Although the residency restrictions in Section 21 of the SPPCA are the most controversial, the GPS provision in the law faces a separate, pending legal challenge. Section 22 of the act mandates lifetime Global Positioning Satellite monitoring for anybody paroled from prison in California for a sex offense that requires registration as a sex offender. Those offenders who fall within this category will be required to wear a tracking device 24 hours a day for the rest of their lives. This provision raises the same concerns as Section 21 as to which sex offenders will be affected because the language is similarly unclear. Attaching a GPS device and then using it to track a person also implicates the 4th Amendment, which protects against unreasonable searches and seizures by the Government. Under the 4th Amendment, using an electronic tracking device to monitor people in public does not constitute a search; tracking them in their homes or other “private places” does. United States v. Karo, 468 U.S. 705, 713-18 (1984); see generally In re Application for Pen Register and Trap/Trace Device with Cell Site Location Authority, 396 F. Supp.2d 747 (S.D. Tex. 2005). It is even conceivable that our state constitutional right to privacy would prohibit tracking in public; see State v. Jackson, 150 Wash. 2d 251, 76 P. 3d 217 (Wash. 2003).

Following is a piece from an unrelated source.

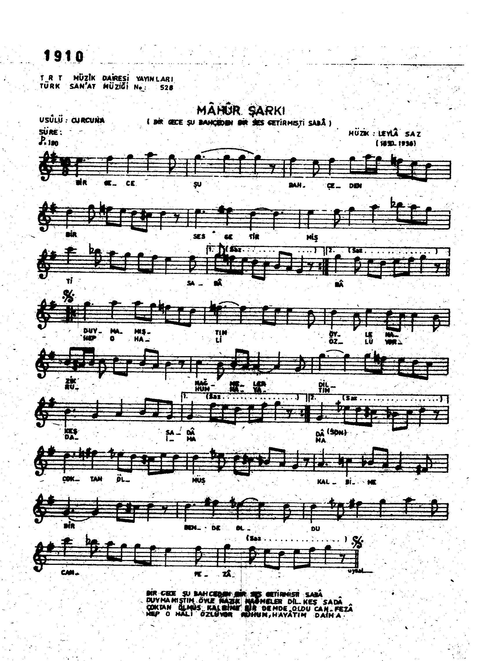 Sarki Adi: Bir gece şu bahçeden bir ses getirmişti sabâ

The unclear legislative intent as to which sex offenders are meant to be ensnared in prop 83’s web has led to confusion among the majority of law enforcement agencies in California as to how they should proceed and which offenders these provisions should apply to. However, the parole division of the DCR has largely ignored the legal debate swirling around prop 83 and has been applying the residency restrictions to sex offenders released from prison since the November election. Although this view is in line with the Governor and the drafters of the law, there will almost certainly be legal challenges by those affected by these restrictions whose crimes were committed before November 8th. District attorneys and probation departments in Sacramento County interpreted the law in a way that would not affect this group of offenders and that is reason enough for any offender who committed his crime before November 8th and has been subject to the residency restrictions by the DCR to formulate a legal challenge. After all, there is a public or private school or park “where children regularly gather” within 2,000 feet of basically every potential residence in every densely populated urban area in California.